Even more surprising, the guy who owns the general store will offer you a freshly shot Canadian goose for the bargain price of $15.99. He killed it himself and for another $2, he’ll throw in his top-secret, yet somehow also world-famous recipe for goose stew.
I politely declined both offers. But did buy a year’s supply of Twizzlers. Which lasted me until the Wyoming boarder. Prior to this trip, I had no idea I could eat my entire body weight in red licorice.
I also had no idea what it was like to seriously question my likelihood of survival. Somewhere in Wyoming, we hit a snowstorm with winds so fierce semi-trucks were flopped over like seals on a beach. It was a complete whiteout and one of my dogs chose that exact moment to get carsick. I couldn’t even see an exit to try to pull over. Then my gaslight started blinking and the digital lady whose voice lives in my navigation system started yelling at me I had less than 5 miles to go before I ran out of gas.

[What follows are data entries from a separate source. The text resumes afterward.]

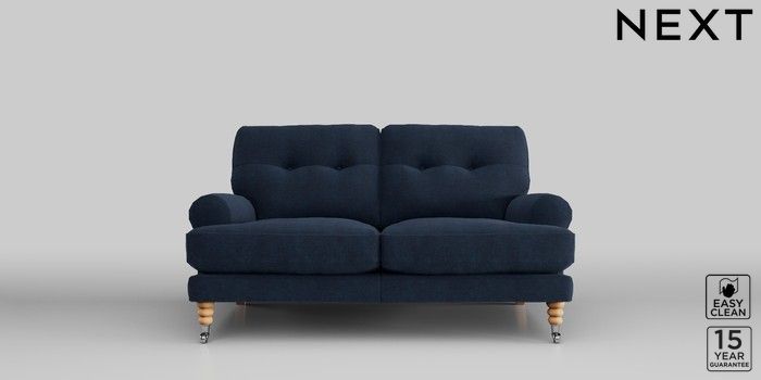 6.11.8 Buy Erin Buttoned Back Deep Sit 2 Seater Small Sofa Fine Chenille Easy Clean Dark Navy Blue High Classic Turned Chrome Castor - Light from the Next UK online shop Click here to use our accessible website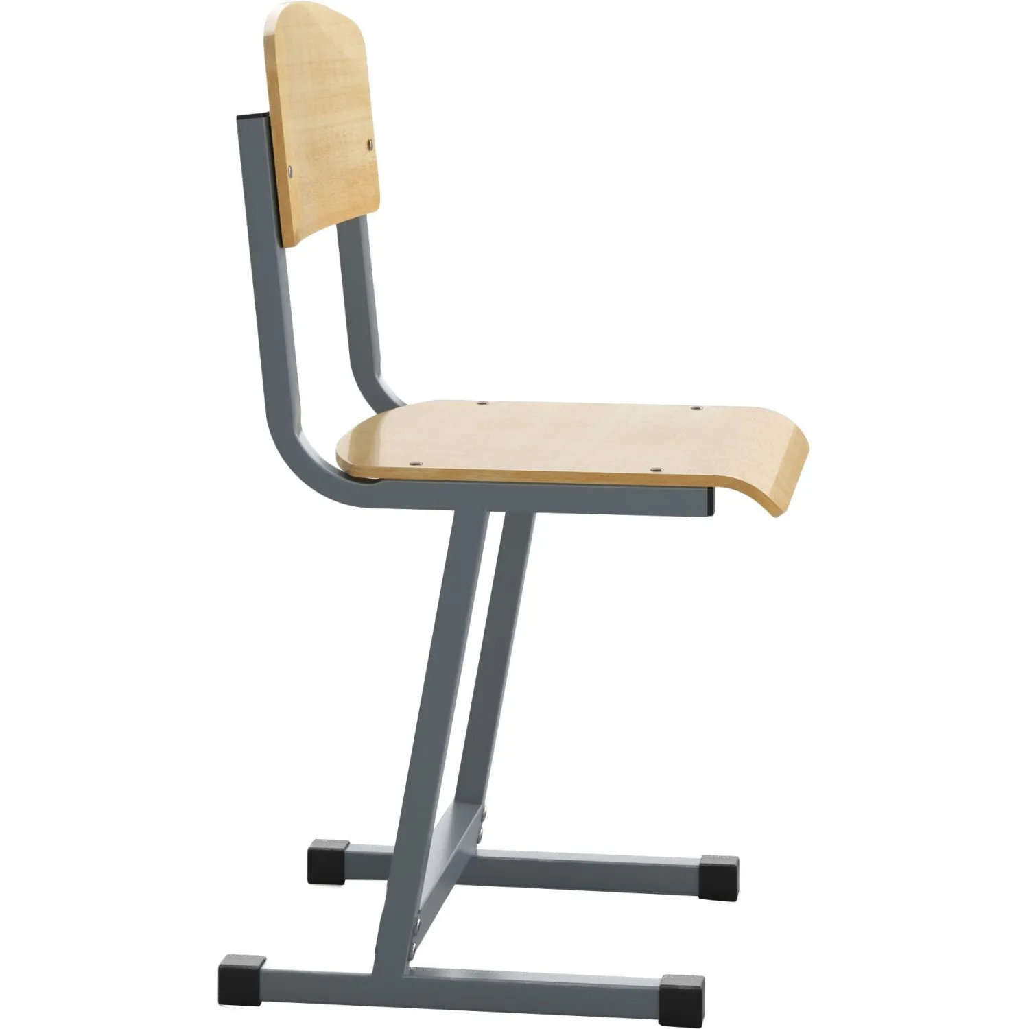 Стул. Сиденье и спинка стула изготовлены из гнутоклееной фанеры толщиной не менее 8 мм, покрыты бесцветным лаком. Крепление сиденья и спинки к каркасу стула осуществляется при помощи мебельных болтов и гаек. Металлический каркас стула разборный — состоит из трех элементов: двух боковин и связи. Боковины стула цельносварные, выполнены из профиля квадратного сечения 25×25 мм с толщиной стенок не менее 1,2 мм. Стойки стула наклонены вперед на 10 градусов, а спинка имеет угол наклона 95 градусов. Связь выполнена из профиля прямоугольного сечения 25×40 мм с толщиной стенок не менее 1,2 мм и крепится к стойкам стула на 4 болта с гайками Эриксона. Металлокаркас покрыт порошковой краской, стойкой к химическим и механическим воздействиям. На свободных концах труб установлены заглушки из ударопрочных полимеров. Каркас стула имеет полимерные подпятники, предотвращающие повреждение напольного покрытия. Стул имеет цветовую маркировку в соответствии с ростовыми группами.В рамках ребрендинга производится перевод данного артикула с ТМ Комус на ТМ Комус Мебель с сохранением всех потребительских характеристик товара. На переходный период допускается поставка данной продукции в двух вариантах дизайна упаковки.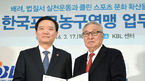 [OSEN=곽영래 기자] 법무부-한국프로농구연맹 클린스포츠 문화와 배려,법질서 실천운동 확산을 위한 업무협약 체결식이 17일 오전 서울 논현동 KBL센터에서 열렸다.김현웅 법무부 장관과 김영기 KBL 총재가 업무협약서를 들고 포토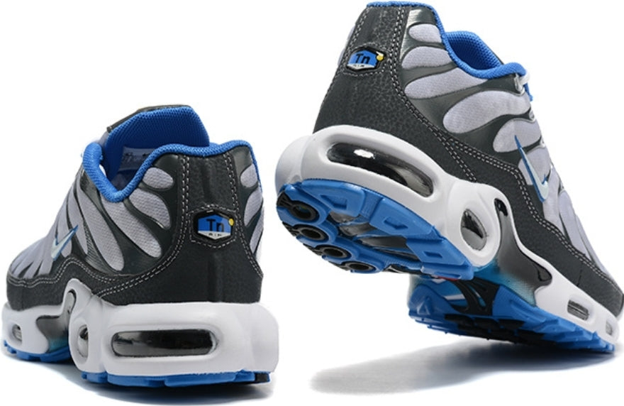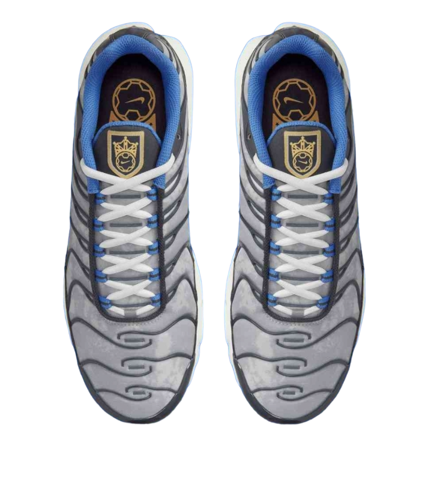 La Nike Air Max Plus SE Social FC reprend la structure habituelle du modèle agressif signé Sean McDowell. Elle affiche une base grise au motif nuageux ainsi qu'une cage en TPU noir, assortie au mudguard, tandis que des détails bleus apportent de la couleur. Sur la languette, on distingue le logo du Nike Social FC, qui a pour ambition de rassembler tous les fans de foot et de la marque au Swoosh.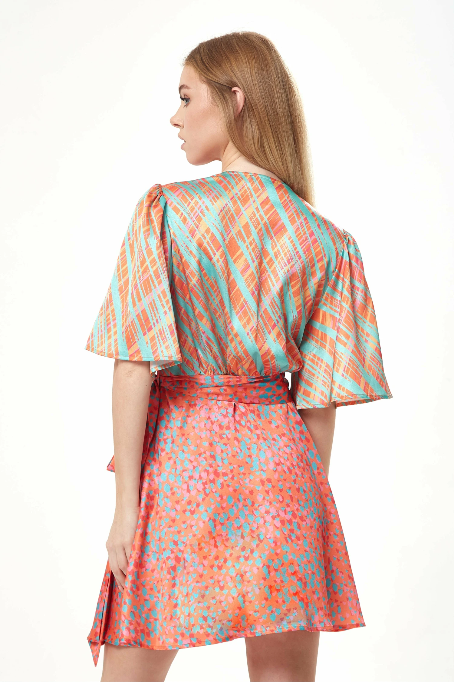 Be the first to review “Liquorish Orange Printed Mini Wrap Dress With Kimono Sleeve” Cancel reply

As we plodded along at 10 miles an hour, knuckles as white as the falling snow, I made all sorts of promises in exchange for making it safely to a gas station. Promises I know I’ll likely never keep. Really, the chances that I will go to church or not swear like a sailor anymore are quite slim. But there is one resolution I made during that hairy stretch of I-80 I will certainly keep — I will never again drive to Nebraska, ever.
Amy Roberts is a longtime Park City resident, freelance writer and the proud owner of two ill-behaved rescue dogs, Boston and Stanley.